A few years ago, people believed that women who work & have a career are more prone to early diseases & depression since they had to manage both home & work. People even talked about how stressful their lives become managing both the chores simultaneously.
However, a recent study reveals the opposite. It talks about how women who worked consistently & were employed during their prime years experienced much better physical health as compared to women who were only housewives or not working.
A research scientist at the Max Plank Institute for Demographic Research, Germany, Jennifer Caputo quoted that as working women age, they were also less depressed over the next decades & lived for longer.
Caputo added in a paper published in the journal Demography that women who were considered in this study went to work in a low status or male-dominated fields. And, despite these biased conditions, they lived a healthier life than women who did not work outside the home.
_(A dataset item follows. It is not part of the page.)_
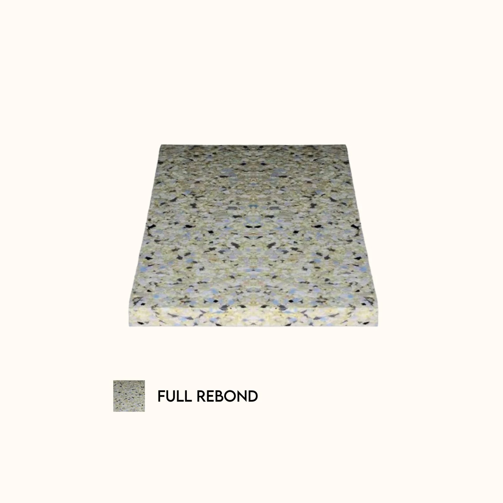 High-density rebonded foam is bonded with a strong adhesive to create a firm, resilient core that offers consistent support and long-term shape retention.
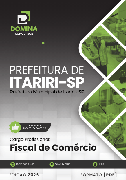 Prepare-se com o material mais completo para o Concurso Prefeitura de Itariri - SP 2026! Nossa apostila, atualizada e alinhada ao edital, está disponível para download imediato em formato PDF.

The survey commenced back in the year 1967 on a total of 5,100 women who were between the age of 30-44 & the same was carried out on them until they were 66-80 years old in 2003. The data was assessed from the National Longitudinal Survey of mature women in the US by Caputo & her coauthors.
The study revealed that working women in their first 20 years of working showed fewer physical health problems & signs of depression as they grew older over 16 years in comparison to women who were housewives or who did not work for pay. Working women were also at a lower risk of having died by 2012 by more than 25%.
On the other hand, the study also revealed that working women who faced discrimination at work, who disliked their jobs or did not feel committed to their jobs, had poor mental & physical health as they grew older. However, they were said to be still healthier in later life than their non-working counterparts.
The authors, however, were also of the view that considering occupational class, hours of work, income, did not describe why working women were healthier, aged better & lived longer than their non-working counterparts.
Caputo further added that employment benefitted women’s health regardless of their negative working experiences & economic situation. Also, for the first time, the authors were able to show a positive long-term relationship between health & midlife working for many following years & even after retirement.